The police are not art experts
The police do not come off well in this memoir: “One especially strange notion they had was that the Risley Lanx [a Roman plate] had been made by melting down genuine Roman silver coins. This, coming from detectives of the Art & Antiques Squad of no less a place than Scotland Yard, beggared belief. If they had stopped for a minute to consider the most readily available Roman silver coin, the late antique silique, a coin of no more than 3g... costs over £50 each, and that the Risley Lanx weighed in at approximately 4.5kg…”
Start small
On drawing, Mr Greenhalgh gives this advice: “Most people say that they are useless at drawing. I think the main reason for this is that when confronted with a subject and a blank page they try to see the whole page at once. What I like to do, instead is to pick a point in the subject… and draw that bit, then another bit radiating out from it… Then when all the bits are done, stand back and there it is – or not.”

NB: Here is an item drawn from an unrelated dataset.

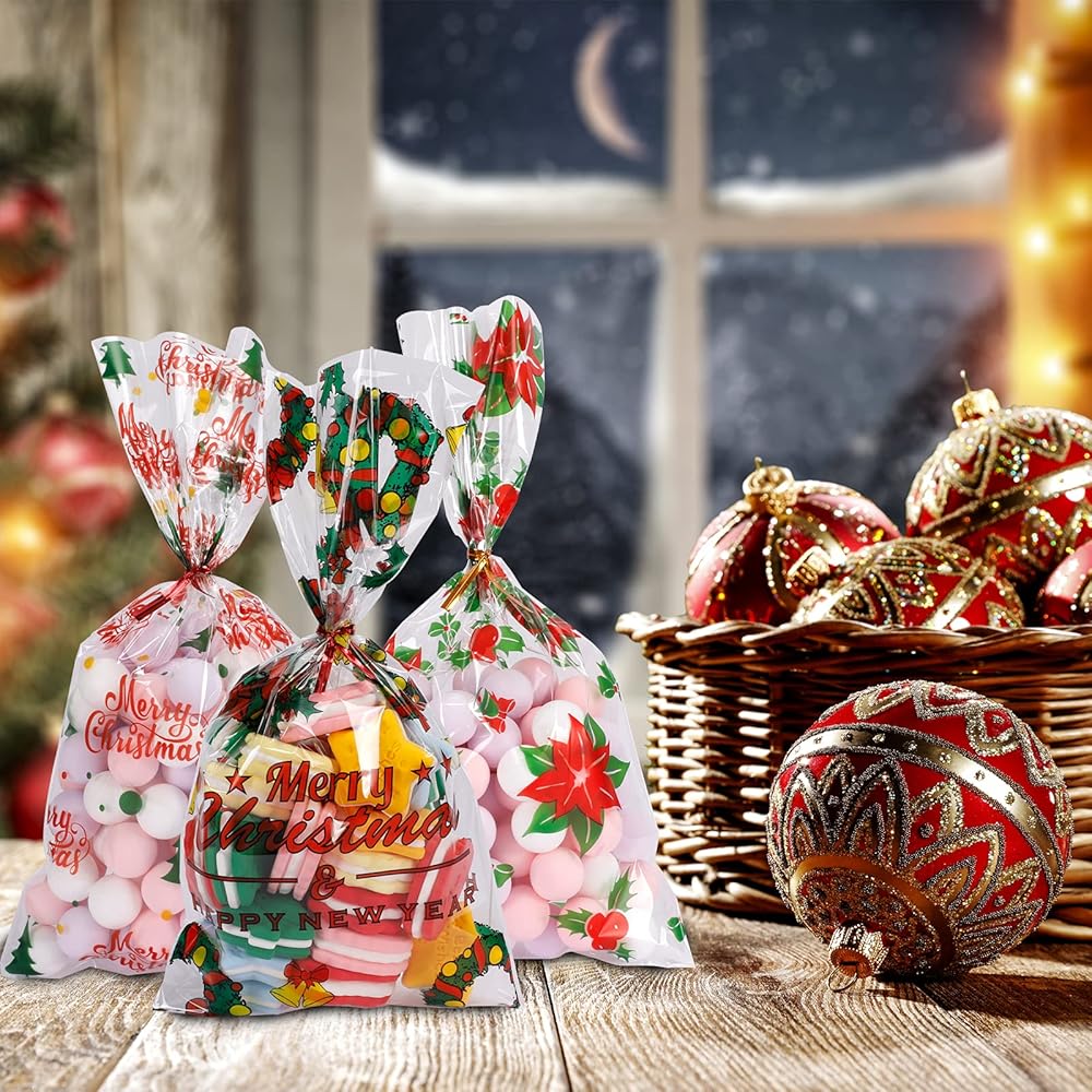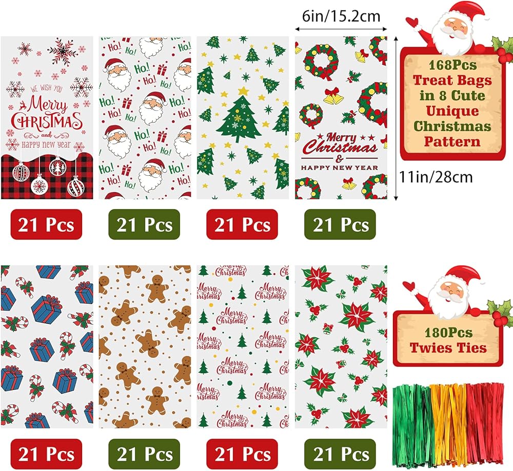 تشمل العبوة: تأتي مع 168 كيس سيلوفان و180 ربطة عنق ملونة، مناسبة جدًا لحفلات عيد الميلاد والهدايا.
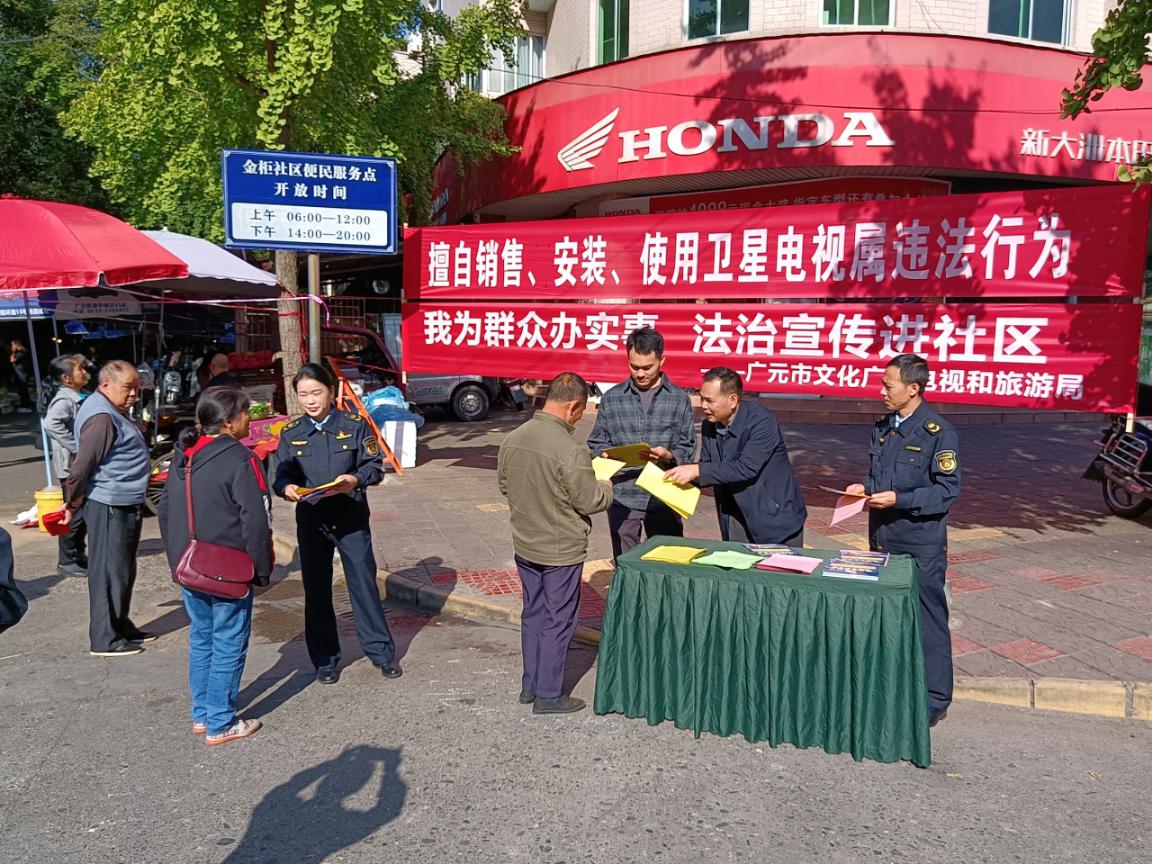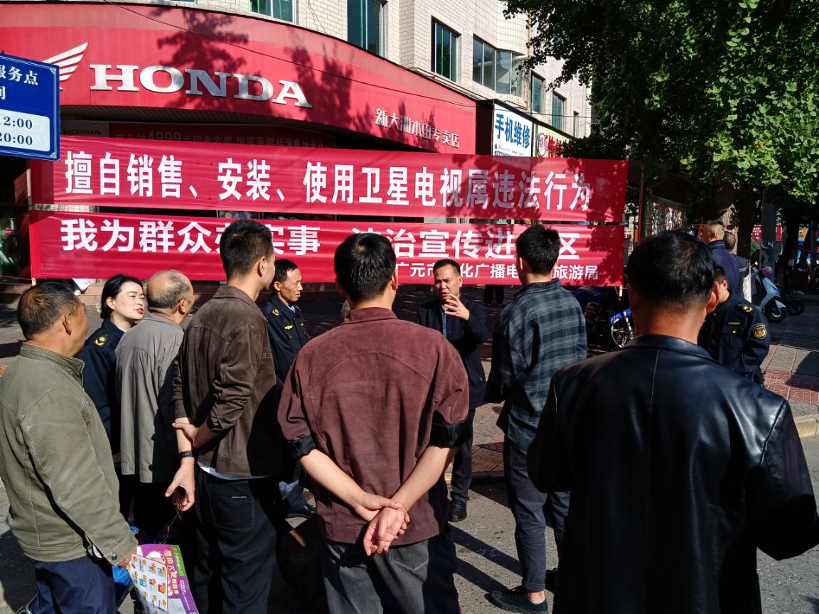 为全面贯彻落实党的二十大精神,深化主题教育,坚定不移贯彻总体国家安全观,10月10日,市文化广电旅游局、市文化市场综合执法支队、利州区文化旅游体育局联合开展了非卫设施和境外电视传输秩序宣传整治行动,进一步推动“无小耳朵市”创建。当天,共发放宣传资料3000余份、接受咨询110余人次、拆除非卫设施12套。

Using this simple approach, he claims to have a forged a masterpiece which is still in dispute today. Currently held in a private collection, “La Principessa” is still believed by many experts to be a 15th-century portrait by Mr Leonardo da Vinci, but Mr Greenhalgh says: “I drew this picture in 1978 when I worked at the Co-op [a UK supermarket]. The ‘sitter’ was based on a girl called Sally who worked on the checkouts.”